Aprovada durante uma sessão conjunta de deputados e senadores por 69 votos a dois, a decisão do legislativo uruguaio ampara um pedido pessoal do atual presidente, Tabaré Vázquez, para que a lei fosse declarada inconstitucional no caso específico de Nibya Sabalsagaray, uma jovem comunista militante torturada até a morte em 1974 dentro de um quartel militar, após ter escrito a frase "abaixo a ditadura" em um muro.
Já a reforma penal militar na Argentina vem junto a outras iniciativas recentes do governo para modificar visceralmente a mentalidade da formação profissional dos militares, que historicamente se beneficiavam de jurisdição penal mais branda, sem independência judicial, que permitia, por exemplo, que integrantes dos tribunais militares não fossem advogados.
– Considero o fim da anistia uma atitude corretíssima do Congresso do Uruguai, assim como deve ocorrer na Argentina ou no Chile, porque nestes países as leis de anistia foram concedidas pelos próprios militares no fim da ditadura, ou seja, uma espécie de autoanistia – afirmou Roberto Freire, atual presidente do Partido Popular Socialista (PPS).
– No caso do Brasil, precisamos ter mais cuidado porque nossa Lei de Anistia foi sancionada pelo Executivo depois de aprovada pela Assembleia Nacional Constituinte de um governo democrático.
Freire entende que quando a Lei da Caducidade foi aprovada pelo Congresso do Uruguai, em 1986, o legislativo sofria fortes pressões dos militares, que à época simplesmente se recusavam a se apresentar à Justiça para explicar crimes cometidos durante o período da ditadura.
Além de respaldar o pedido do presidente uruguaio, a decisão do Congresso atendeu também a um pedido da Suprema Corte de Justiça, num momento em que se prepara para julgar o caso de Nibya apresentado pela promotora Mirtha Guianze.

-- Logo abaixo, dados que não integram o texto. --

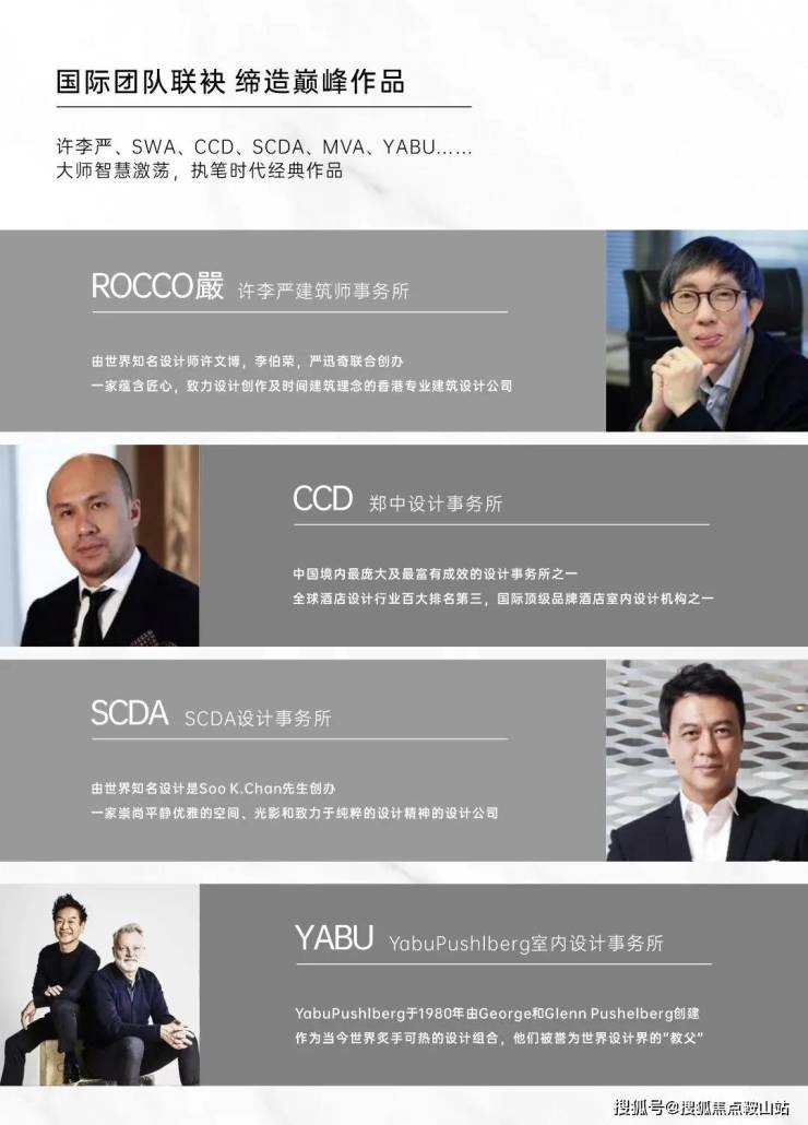 许李严、CCD、SCDA、YABU、ALT、SWA、MVA、迈进等国际顶级大师团队的智慧在此集结。

A partir da decisão do legislativo, o STJ uruguaio terá um pouco mais de 100 dias para se pronunciar sobre a ação de incontitucionalidade proposta contra a Lei de Caducidade.
A palavra final sobre a lei deverá vir da Suprema Corte de Justiça, enfatizam criminalistas, numa decisão que poderá abrir caminho – na opinião de parlamentares da oposição e do governo – para a reabertura de outros casos de abusos cometidos durante a ditadura.
Mas para Daniel Chasquetti, professor de ciências políticas da Universidade da República, em Montevidéu, a declaração do Congresso e o eventual julgamento da Suprema Corte valem para um único caso e não geram precedentes jurídicos no Uruguai.
– O que certamente deve ocorrer em novos casos serão os advogados de familiares de vítimas da ditadura contenderem a inconstitucionalidade da lei de anistia para situações específicas. Embora a decisão da Suprema Corte sirva apenas para um único caso, se a corte declarar o caso de Nibya
inconstitucional, vai haver centenas de pedidos semelhantes e provavelmente, todos obterão a mesma declaração.
Chasquetti considera esta a consequência politica mais importante de todo o processo, isto é, a consolidação da posição da Suprema Corte, e destaca também que a decisão do Congresso já pode ser vista como uma condenação contundente e direta ao Exército uruguaio:
– Sem dúvidas, isso é uma crítica vigorosa às Forças Armadas que agora se encontram desamparadas pelo legislativo e ameaçadas por uma provável decisão desfavorável da Suprema Corte.